Make sure your website is Hyper Text Transfer Protocol Secure (HTTPS) protected so the information transferred between it and client browsers is encrypted. Make sure to use HTTPS Everywhere, a collaboration between the Tor Project and the Electronic Frontier Foundation, so your web browser rewrites requests from unencrypted HTTP sites to secure HTTPS ones. And finally, checkout VeraCrypt, which has become the open source encryption container product of choice these days, following the demise in support terms of TrueCrypt from which it forked. It's easy to use, it works and it's free; use this to secure your USB memory sticks.

6. Become a data Dalek: authenticate, authenticate, authenticate...
Authentication, has anyone mentioned the authentication layer yet? Well they have now, and by this I specifically mean the use of password managers and multifactor authentication. Strong passwords are a no-brainer, or at least they should be, The problem being that any password that is lengthy, complex and random enough to be defined as strong, is impossible to remember unless they call you Rain Man. Throw multiple secure passwords into the equation and even Rain Man would struggle; whereas password managers do not.

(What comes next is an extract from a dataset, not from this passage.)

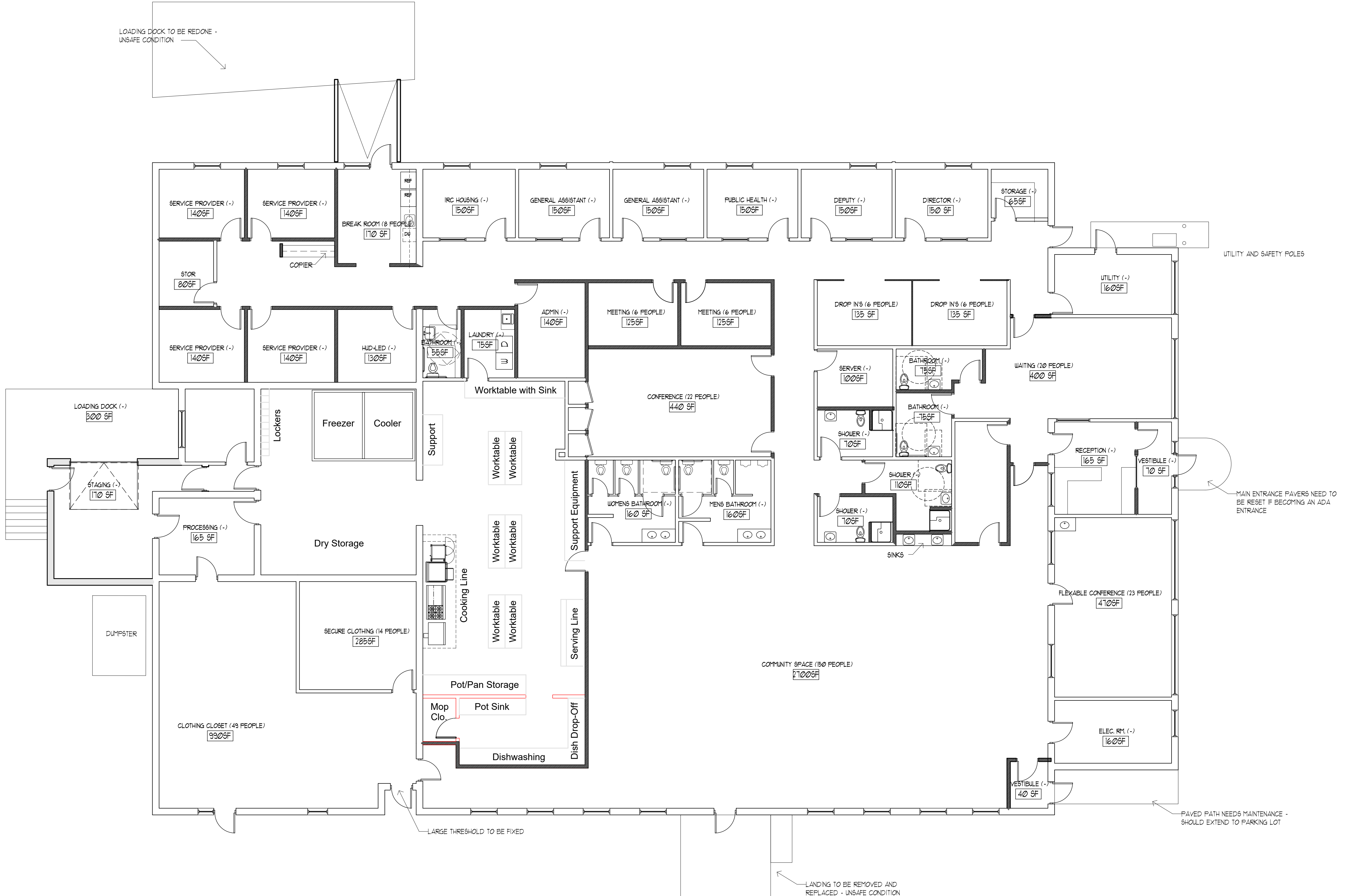
1 BUILT OUT PLAN SCALE: 1" = 8'-0"

IF THIS SHEET IS NOT 24 X 36 IT IS A REDUCED SCALE PRINT - SCALE ACCORDINGLY SCALE 1"=1' 0 1 2 3 SCALE 3/4"=1' 0 1 2 3 4 SCALE 1/2"=1' 0 1 2 3 4 5 6 SCALE 1/4"=1' 0 2 4 6 8 10 12 SCALE 1/8"=1' 0 5 10 20 40 SCALE 1/16"=1'

LastPass Enterprise is a business-grade example, it's not free but with prices starting from (US) $18 a head it's as close as. This can allow you to manage a password policy from the cloud and generate truly secure passwords at the touch of a button. Even that, though, is not enough. You need to throw multifactor authentication into the mix. As it happens, you can add two factor authentication (2FA) to LastPass in the form of a physical token or smartphone app generated code. Whatever, the added security layer that is 2FA should be a baseline for any mature authentication policy these days as it adds something you have to something you know for a double whammy of hacker protection.

7. Secure erasure
No, not a geeky nineties pop duo tribute band, but rather the not so small matter of secure file deletion. It's the last item on our list of suggested layers, and it's often the last thing on the mind of otherwise security-savvy folk. After all, if you're removing something from the data equation it's no longer a security problem, right? Wrong! If you have not securely erased the file in question then it remains a potential security threat should the device it is on get into the wrong hands. Hitting delete doesn't delete data securely, and nor does formatting a drive for that matter. It is forensically possible to retrieve data really very easily and quickly, and importantly very cheaply now if someone wants to.

Your mission is to make that as hard as possible so that the investment in time becomes more than the likely profit in data restored would amount to. So at the very least encrypt your data then use secure deletion tools on individual files and folders, such as Eraser, which employs the Guttmann algorithm to overwrite drive space with a series of 35 random patterns. That's a free tool and towards the bottom of the paranoia-delete scale, but coupled with encryption is a good way to go.

Employ the costly services of hard drive shredders to chop your legacy drives into little bits of metal to do the job properly.